■ Problem details
Nothing outside the lines below from the one containing "O cálculo da" through the one containing "Salvatore Ferragamo Gancini" is to be printed; print those exactly, ends included, and drop the pictures.

(Data excerpts)
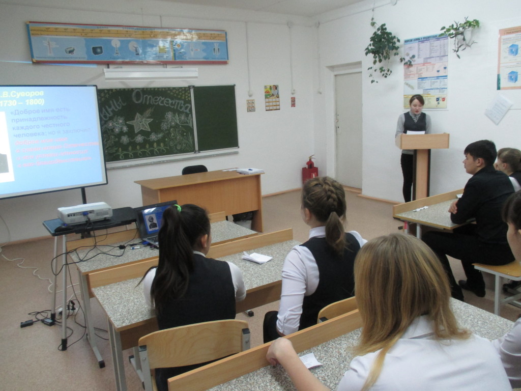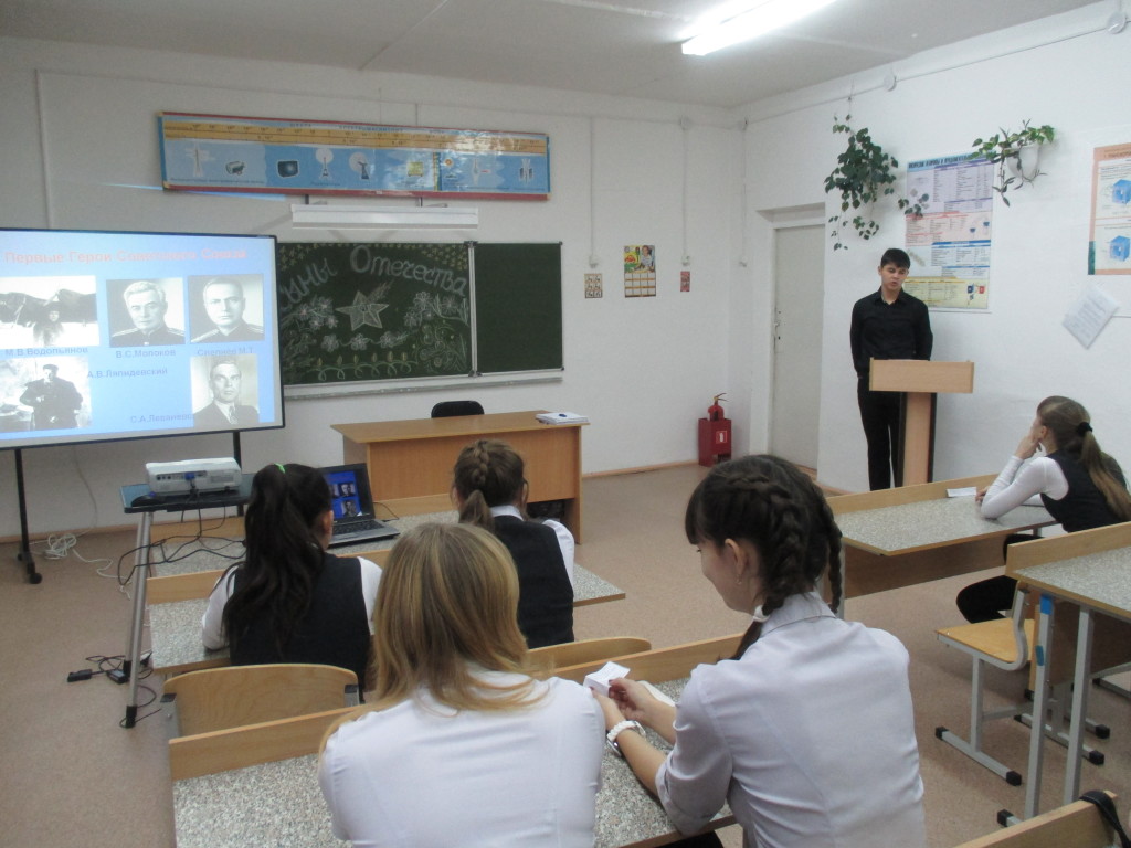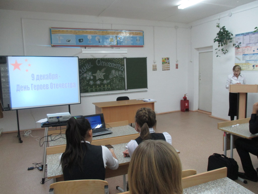 9 декабря в школе прошел тематический классный час «Сыны Отечества», посвященный Дню Героев Отечества. В ходе проведенного мероприятия обучающиеся познакомились с историей возникновения праздника, подвигами наших предков во имя независимости России. Ребята подготовили сообщения о великих полководцах, о героях Отечества в годы ВОВ, с большим интересом слушали рассказ о воинах-афганцах — наших земляках.
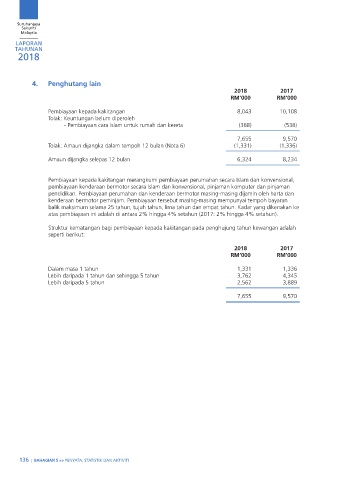 atas pembiayaan ini adalah di antara 2% hingga 4% setahun (2017: 2% hingga 4% setahun).
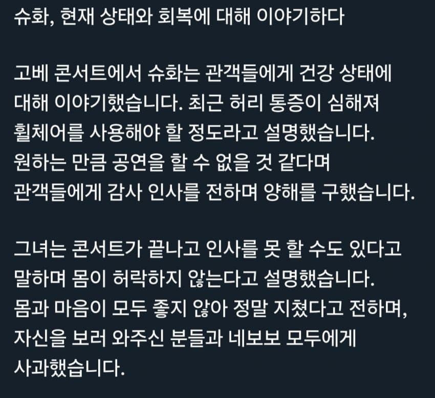 Shuhua, mesajında sırt ağrısının son zamanlarda çok kötüleştiğini ve bu yüzden tekerlekli sandalye kullanmak zorunda kaldığını açıkladı. Hayranlarına minnettarlığını ifade etti ve ağrısı nedeniyle istedikleri kadar sahnede olamayabileceğini belirterek anlayış istedi.
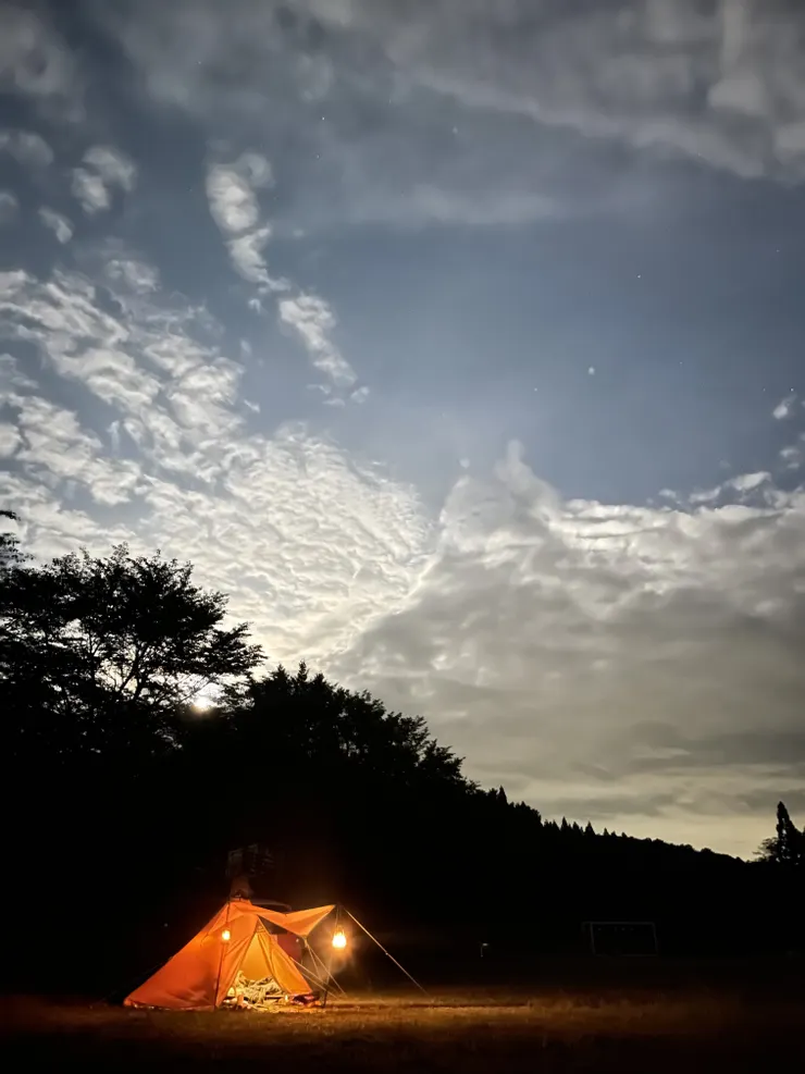 月は残念ながら雲の中でしたが、幻想的な空模様を眺めながら夜を明かしてました。
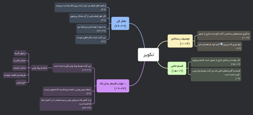سوره مبارکه تکویر، با هدف اصلی اثبات حتمیت و هولناکی قیامت، از طریق ترسیم هشت نشانه آغازین فروپاشی کیهان (از درهم پیچیده شدن خورشید تا برافروخته شدن دریاها) و مراحل نهایی حسابرسی، یک تصویر واضح و هشداردهنده از پایان دنیا ارائه میدهد.
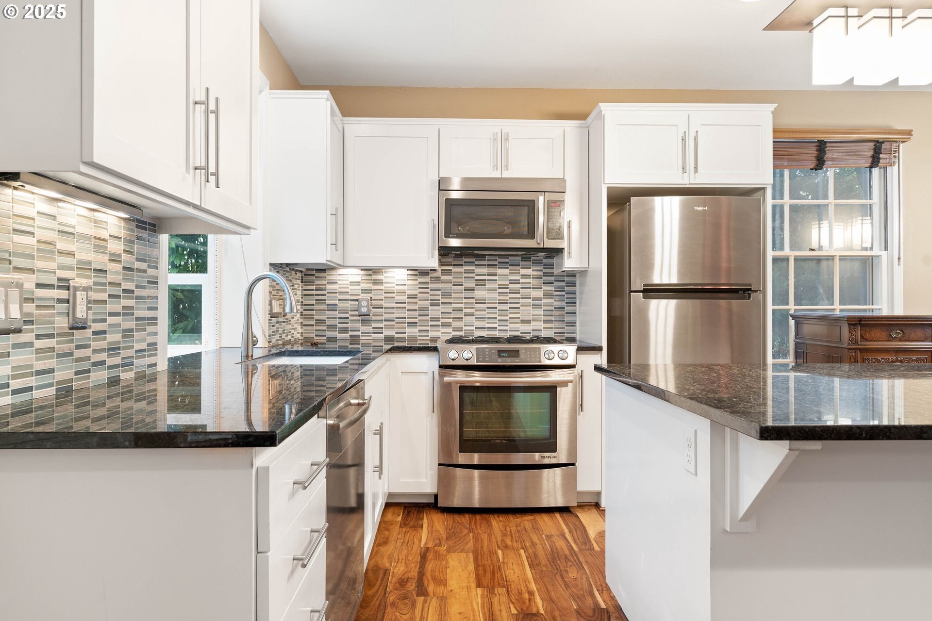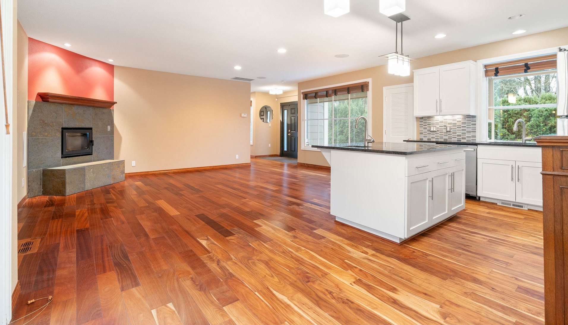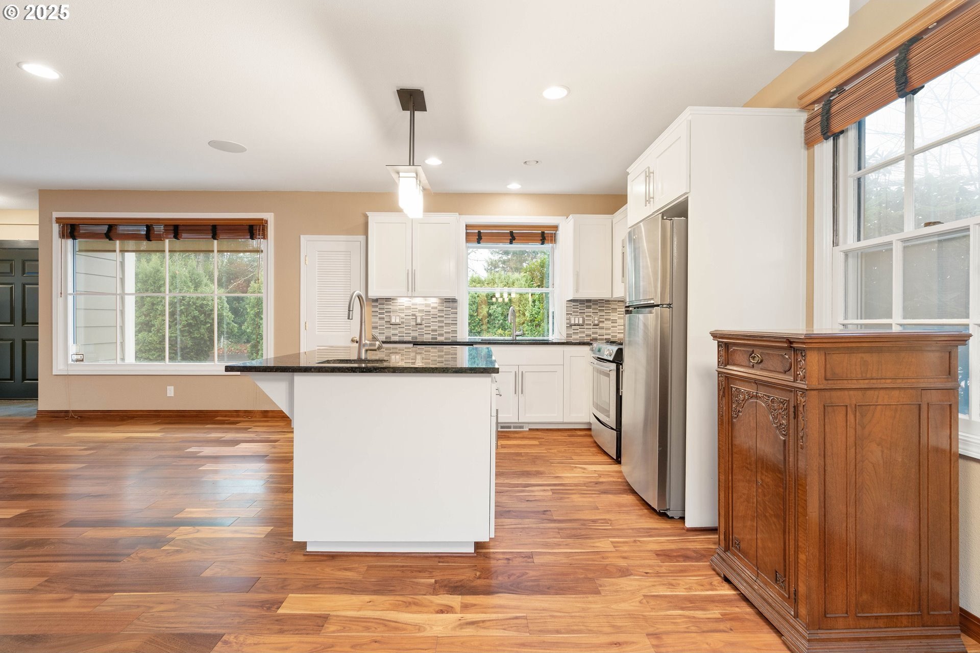 Located in the desirable Montclair neighborhood of Raleigh Hills, this beautifully remodeled bungalow offers excellent parking and a detached two-car garage. Inside, hardwood floors flow through the kitchen, dining room, family room, and hall. The fully updated kitchen features new cabinets, quartz countertops, stainless steel appliances, and an island with an eating bar. The kitchen, dining, and family rooms connect seamlessly, with a deck off the dining room and a gas fireplace in the family room.The primary suite has been thoughtfully remodeled with a no-step shower, new cabinetry, counters, and fixtures. The hall bath includes a tub/shower combination, updated cabinet, and quartz countertop. Outside, the large deck and usable yard provide plenty of space for entertaining. The detached garage includes built-in rooms and currently accommodates one car.
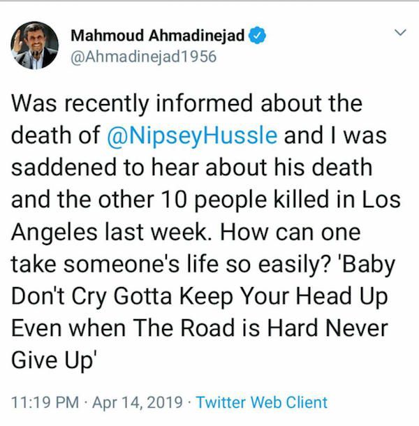 محمود احمدینژاد در حساب توییتر خود نسبت به قتل نیپسی هاسل، رپر آمریکایی ابراز تأسف و تألم کرد. نوشت: «چگونه میتوان زندگی شخصی را به این راحتی گرفت؟» این در حالی است که توییت احمدینژاد موجی از واکنشهای کاربران ایرانی و خارجی فضای مجازی را به همراه داشت.رییسجمهور پیشین ایران گفته از مرگ این رپر ۳۳ ساله و "ده نفر دیگر که هفته گذشته در لسآنجلس کشته شدند ناراحت شدم." احمدینژاد سپس در ادامه توییت خود بخشی از یکی از ترانههای توپاک شکور، رپر فقید آمریکایی را نقل کرده و نوشته: «عزیزم گریه نکن، سرت را بالا بگیر، حتی وقتی که جاده سخت است، هرگز تسلیم نشو.»
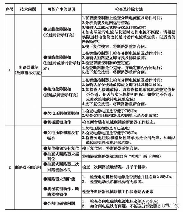 下面列举了用户在安装、调试、运行过程中,断路器可能发生的问题,并列出了可能产生的原因和检査及排除方法。见下图1、2
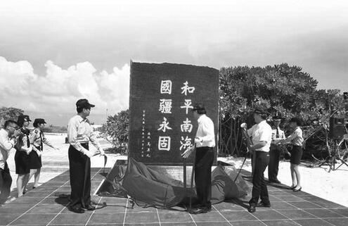 12日是台湾收复太平岛69周年纪念日,除太平岛灯塔、码头启用外,马英九落款的纪念碑也首度亮相。据台湾《中国时报》13日报道,马英九在碑石上亲题“和平南海、国疆永固”八个金色大字,并有“总统马英九”的中英文署名;碑石后面刻有南沙太平岛码头整建纪要,述及太平岛码头可供3000吨船舰停靠,灯塔能有效提供渔业协助与人道救援。 马英九在整建纪要中称,南海诸岛及周边海域是“中华民国固有领土及海域”,当局将秉持“主权在我、搁置争议、和平互惠、共同开发”的政策,致力打造太平岛成为和平、生态与低碳之岛。他还提到,太平岛是南沙群岛中面积最大且唯一拥有淡水的自然岛屿。
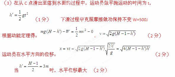 (3)保持水平滑道端点在同一竖直线上,调节水平滑道高度h和长度d到图中B′C′位置时,运动员从滑梯平抛到水面的水平位移最大,求此时滑道B′C′ 距水面的高度h′.
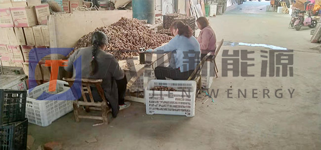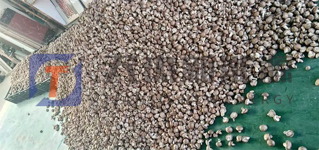 香菇烘干機怎么用:駐馬店香菇烘干機客戶使用的是電能香菇烘干機,用戶正在選備篩選香菇成品。篩選分堆后的香菇成品料
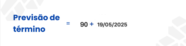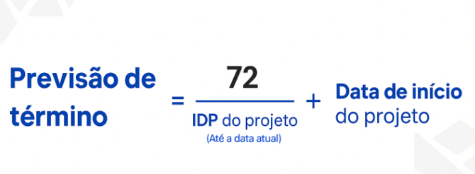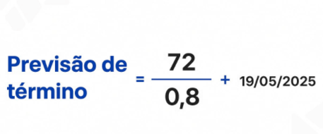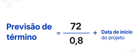 O cálculo da "Previsão de término" do projeto é definido pela fórmula:
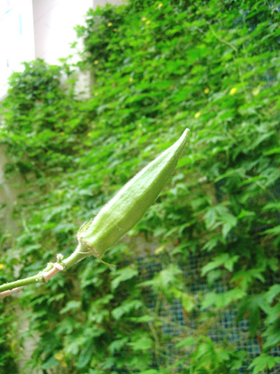 オクラが実をつけ、
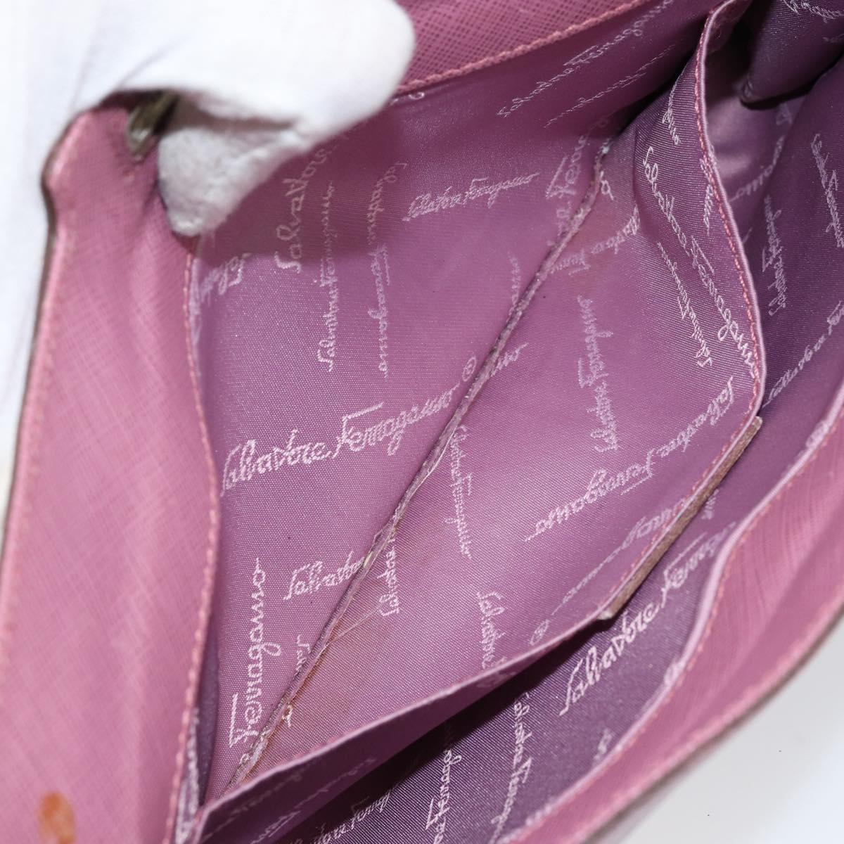 Salvatore Ferragamo Gancini Shoulder Pouch Leather Pink Silver Auth bs29685
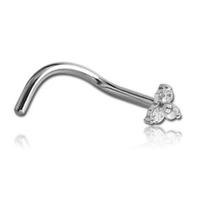The cz trinity nostril screw is made from 316L stainless steel. The prong-set gems are available in clear only. Choose your size below.

■ Reply
 O cálculo da "Previsão de término" do projeto é definido pela fórmula:
 オクラが実をつけ、
 Salvatore Ferragamo Gancini Shoulder Pouch Leather Pink Silver Auth bs29685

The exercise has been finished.